Personal information
- Full name: Nigel Ewan Felix Laughton
- Born: 12 October 1965 (age 60) Aldershot, Hampshire, England
- Batting: Right-handed
- Bowling: Right-arm off break

Domestic team information
- 1997: Oxford University

Career statistics
| Competition | First-class |
| Matches | 1 |
| Runs scored | 6 |
| Batting average | 3.00 |
| 100s/50s | –/– |
| Top score | 5 |
| Catches/stumpings | 1/– |
- Source: Cricinfo, 5 July 2020

= Nigel Laughton =

English cricketer and sports consultant

Nigel Ewan Felix Laughton (born 12 October 1965) is an English sports consultant and a former first-class cricketer and British Army officer.

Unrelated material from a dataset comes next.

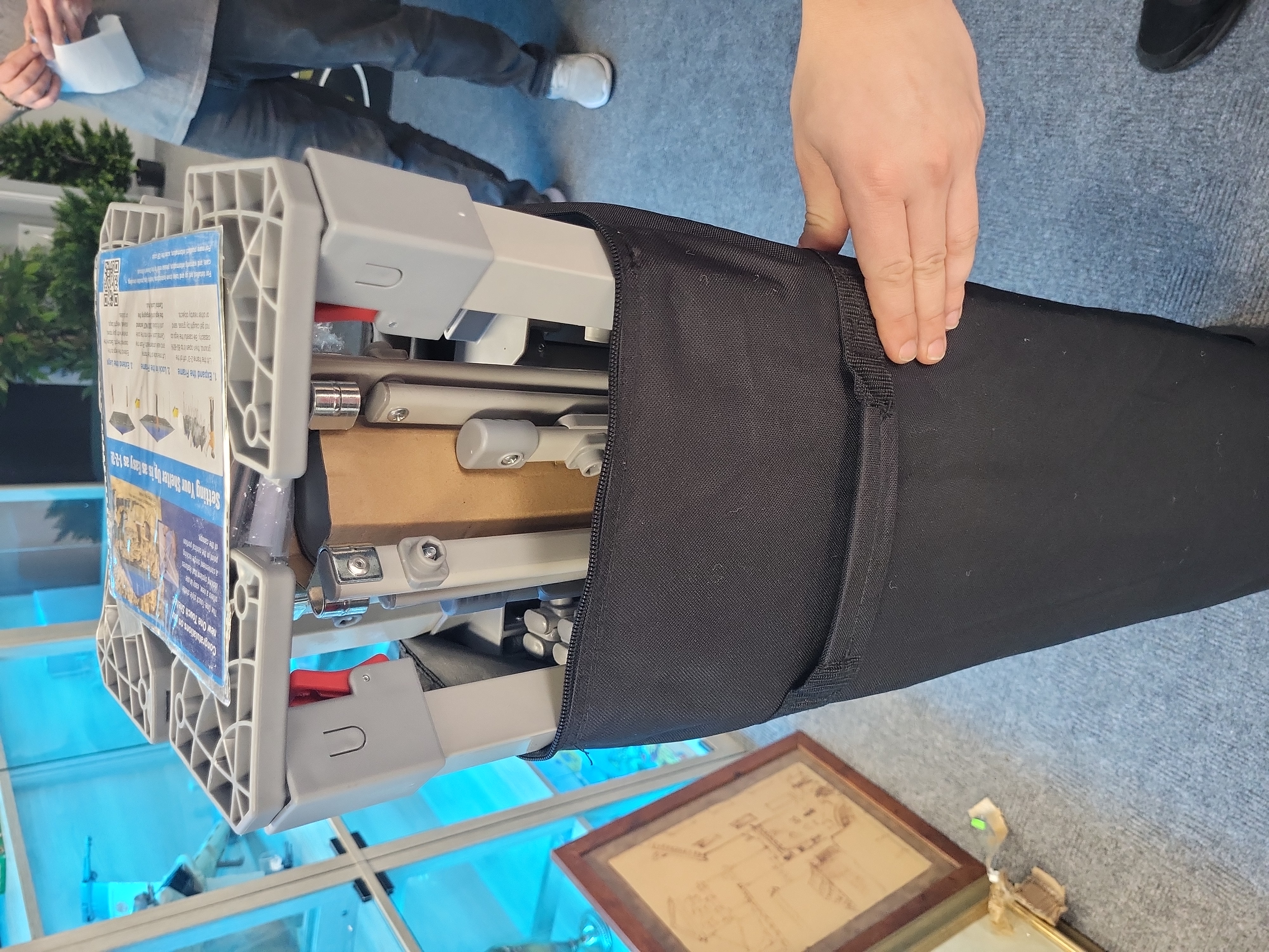 The item is in good used condition. The frame remains compactly folded with no visible signs of structural damage or heavy wear to the joints. The carrying case is functional with an intact zipper and handles. The canopy fabric is contained within the frame and was not fully unpacked for inspection.

The son of Ronald Francis Gerard Laughton and Gillian Hazel Cocks, he was born at Aldershot in October 1965. After leaving Worth School, Laughton taught in Australia at Melbourne Grammar School for a year, before returning to England. After returning he undertook training for the British Army at the Royal Military Academy Sandhurst, being commissioned as a second lieutenant in the Black Watch in April 1986. He was promoted to lieutenant in April 1988, before being promoted to captain in April 1992. During his military career he toured Northern Ireland three times and became a helicopter pilot with the Army Air Corps. He was seriously injured in a helicopter crash in 1994, invalidating him out of the army due to the injuries he sustained.

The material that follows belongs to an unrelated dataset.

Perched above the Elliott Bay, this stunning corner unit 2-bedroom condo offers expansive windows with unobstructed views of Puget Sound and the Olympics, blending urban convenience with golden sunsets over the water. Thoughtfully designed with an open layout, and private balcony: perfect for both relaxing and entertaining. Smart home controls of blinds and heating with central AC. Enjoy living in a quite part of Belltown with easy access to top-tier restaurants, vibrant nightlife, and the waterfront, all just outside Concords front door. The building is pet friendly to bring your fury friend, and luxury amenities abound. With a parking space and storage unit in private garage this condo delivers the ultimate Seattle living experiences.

After recovering from his accident, Laughton studied at Harris Manchester College at the University of Oxford. While studying at Oxford, he made a single appearance in first-class cricket for Oxford University against Durham at Oxford in 1997. Captaining the Oxford side, he was dismissed for 4 runs in their first innings by Neil Killeen, while in their second innings he was dismissed for a single run by James Boiling. After graduating from Oxford in 1997, he was appointed as the first development manager at the International Cricket Council, responsible primarily for developing the game in Europe. In 2001, he was appointed National Academy manager at the England and Wales Cricket Board and managed five England A tours.

In June 2006, he was appointed operations manager for Bath Rugby. Returning to cricket, he was appointed director and head of cricket by the Board of Control for Cricket in India for the Indian Premier League and held a similar position for the Champions League Twenty20, a tournament he helped to found. Laughton proceeded to manage the 2011 Cricket World Cup matches played in Bangladesh. He moved into sports consultancy and management in Olympic sports and was team leader for Team GB at the 2014 Winter Olympics in Sochi. In November 2014, he became chief executive of Pentathlon GB, though left the post in September 2015 citing significant differences between the board and Laughton.